TITLE:
Thermomechanical Behavior of Ndouloumadjie and Tattaguine’s Millet Involucre Improved Mud Bricks for Their Use in Ecobuilding
AUTHORS:
Déthié Sarr, Hamed Fall, Oustasse A. Sall, Mbaye Niang
KEYWORDS:
Building, Soil Improvement, Millet Involucre, Polynomial Interpolation
JOURNAL NAME:
Geomaterials,
Vol.15 No.1,
December
4,
2024
ABSTRACT: This work’s aim is to participate in local materials (raw or fiber improved), which can be used in sustainable and accessible buildings to every Senegalese. To do this, studied materials are respectively collected from a laterite clay pit in Ndouloumadjie Dembe (Matam, Northern Senegal) and another from a termite mound in Tattaguine (Fatick, Central Senegal). These samples are first subjected to Geotechnical identification tests. Mud bricks are then made with raw or sifted millet involucre improved to 1%, 2%, and 3% at 5 mm sieve samples. These briquettes are subjected to compression tests and thermal evaluations.
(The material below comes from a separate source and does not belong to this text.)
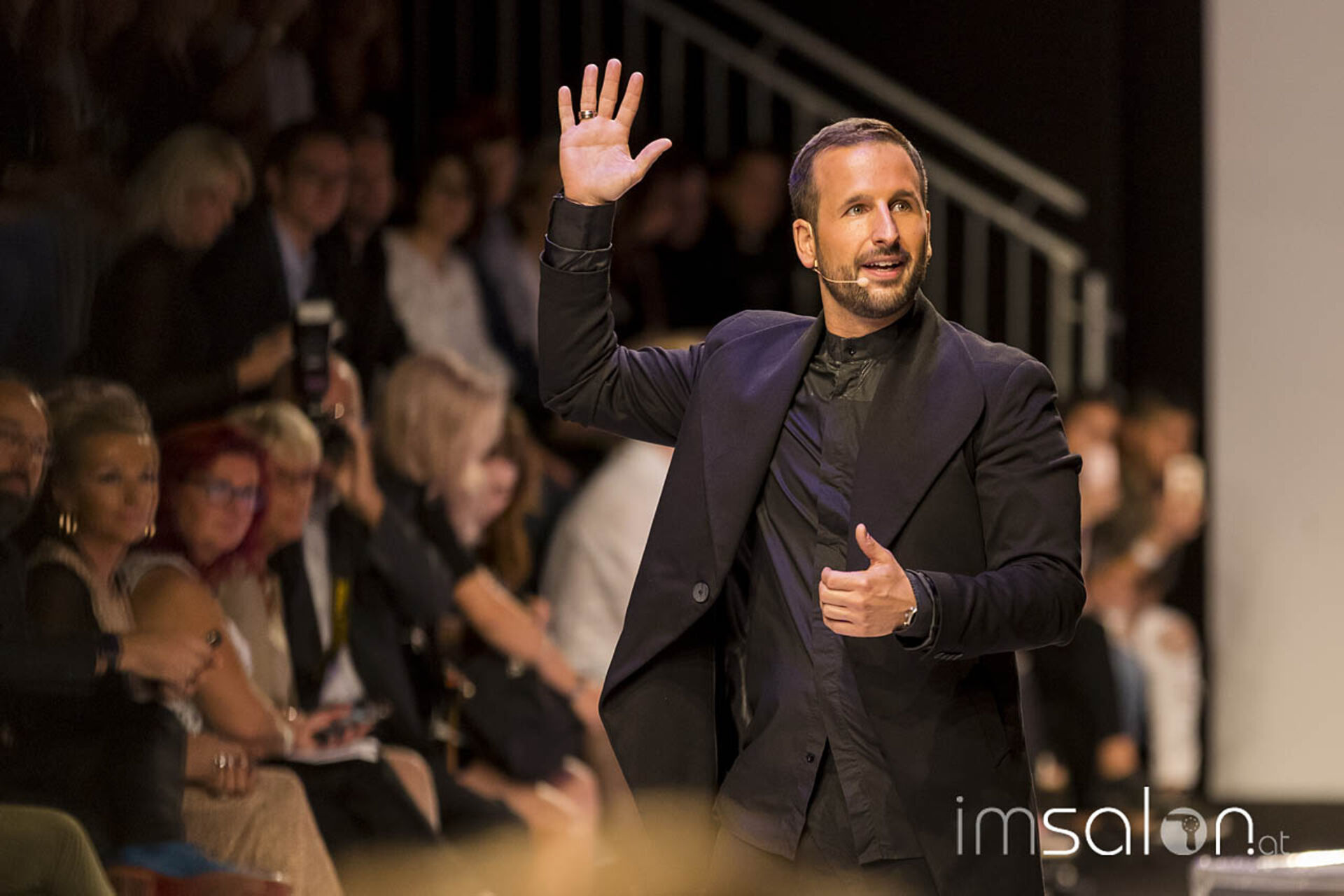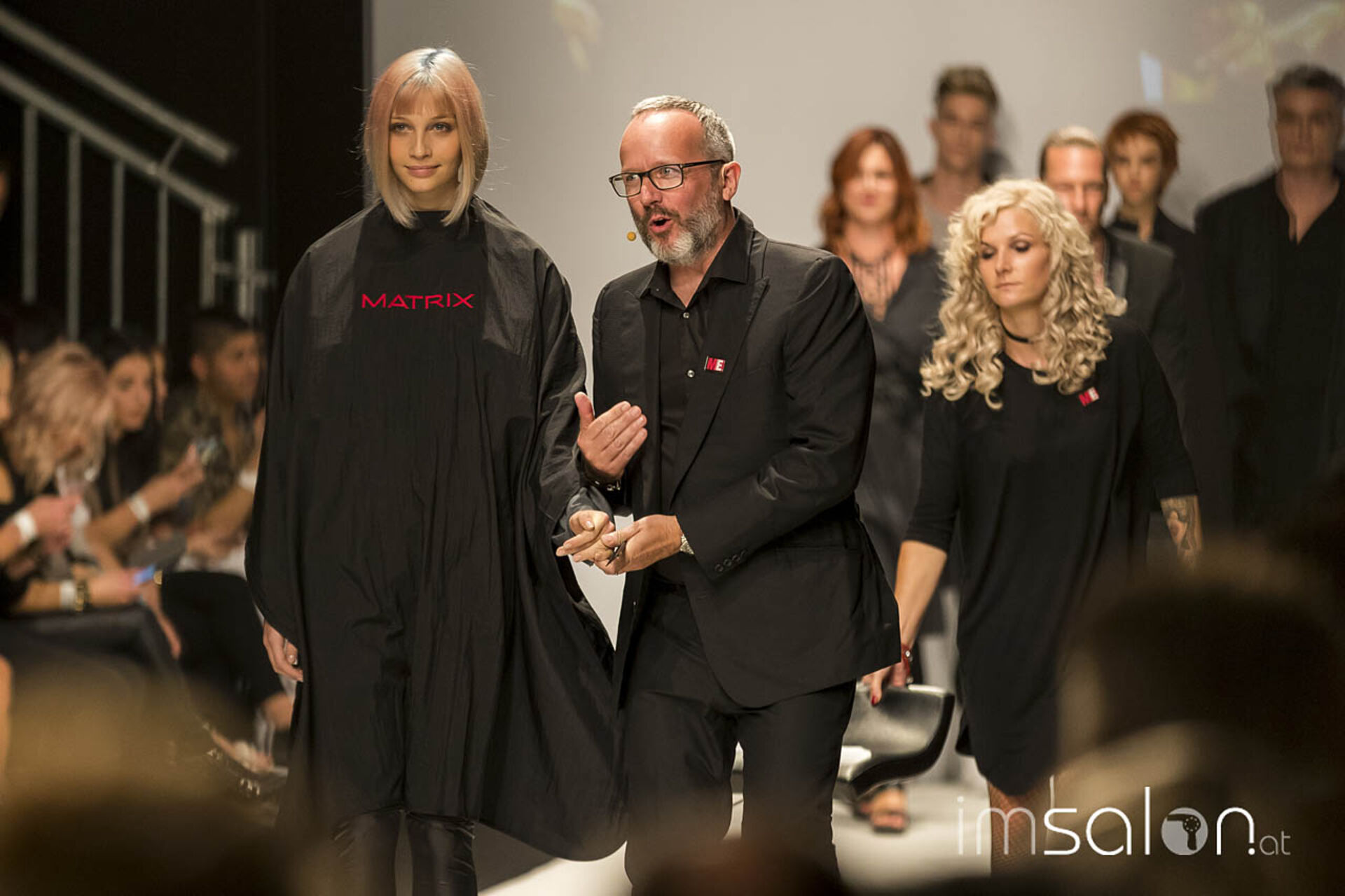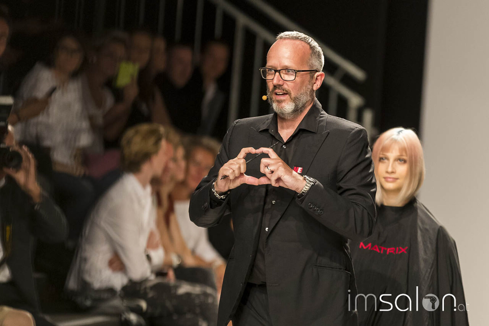 "Kundinnen wollen nach dem Friseurbesuch immer gerne anders aussehen, aber dennoch nichts verändern, ja nicht mehr als Spitzen abschneiden... Wer kennt das?", begann Marco Arena seine Show. Die Hände der anwesenden StylistInnen gingen auf der Stelle nach oben - im gesamten Fashion-Zelt.

Lagrange and Newton methods of numeric modelling are used to test the whole mixture points between 1% and 3% millet involucre for a better correlation between mechanical and thermal parameters. The results show that in Matam, as well as in Tattaguine, these muds, raw or improved, are of good thermomechanical quality when they are used in bricks making. And the thermomechanical coupling quality reaches a maximum situated at 2.125% for Ndouloumadjie and 2.05% for Tattaguine. These briquettes’ building quality depends on the mud content used in iron, aluminum, silica and clay. Thus, same natural materials can be used in the establishment of habitats according to their geotechnical, chemical, mechanical and thermal characteristics.